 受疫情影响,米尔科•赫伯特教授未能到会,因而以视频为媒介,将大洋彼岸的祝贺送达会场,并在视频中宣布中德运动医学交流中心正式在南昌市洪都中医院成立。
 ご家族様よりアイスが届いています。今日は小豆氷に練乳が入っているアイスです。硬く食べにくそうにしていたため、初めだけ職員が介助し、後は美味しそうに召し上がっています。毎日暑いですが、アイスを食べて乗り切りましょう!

☆ ☆ ☆ ☆ ☆

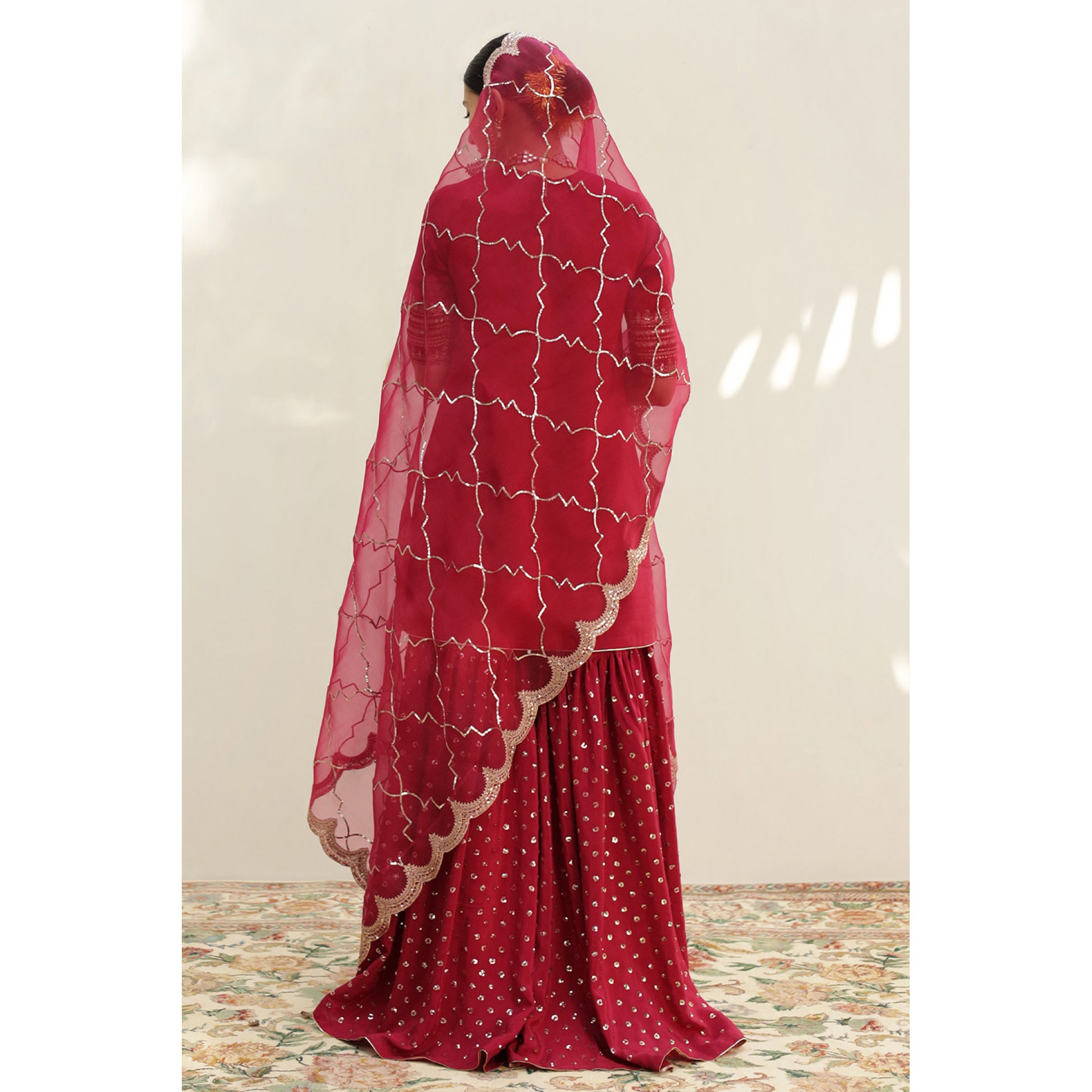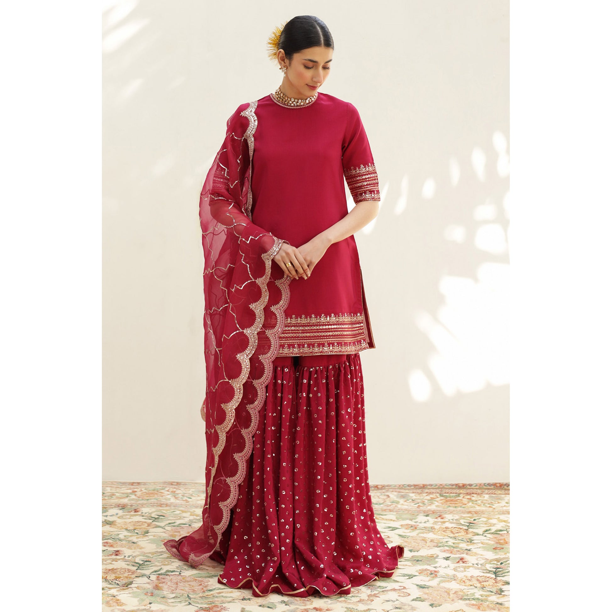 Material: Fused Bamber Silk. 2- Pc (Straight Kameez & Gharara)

☆ ☆ ☆ ☆ ☆

_Your assignment_
Among the records above, repeat exactly the line with "受疫情影响,米尔科•赫伯特教", the line with "ご家族様よりアイスが届いてい", and every line in between, and only those.

_Solution below_
 受疫情影响,米尔科•赫伯特教授未能到会,因而以视频为媒介,将大洋彼岸的祝贺送达会场,并在视频中宣布中德运动医学交流中心正式在南昌市洪都中医院成立。
 ご家族様よりアイスが届いています。今日は小豆氷に練乳が入っているアイスです。硬く食べにくそうにしていたため、初めだけ職員が介助し、後は美味しそうに召し上がっています。毎日暑いですが、アイスを食べて乗り切りましょう!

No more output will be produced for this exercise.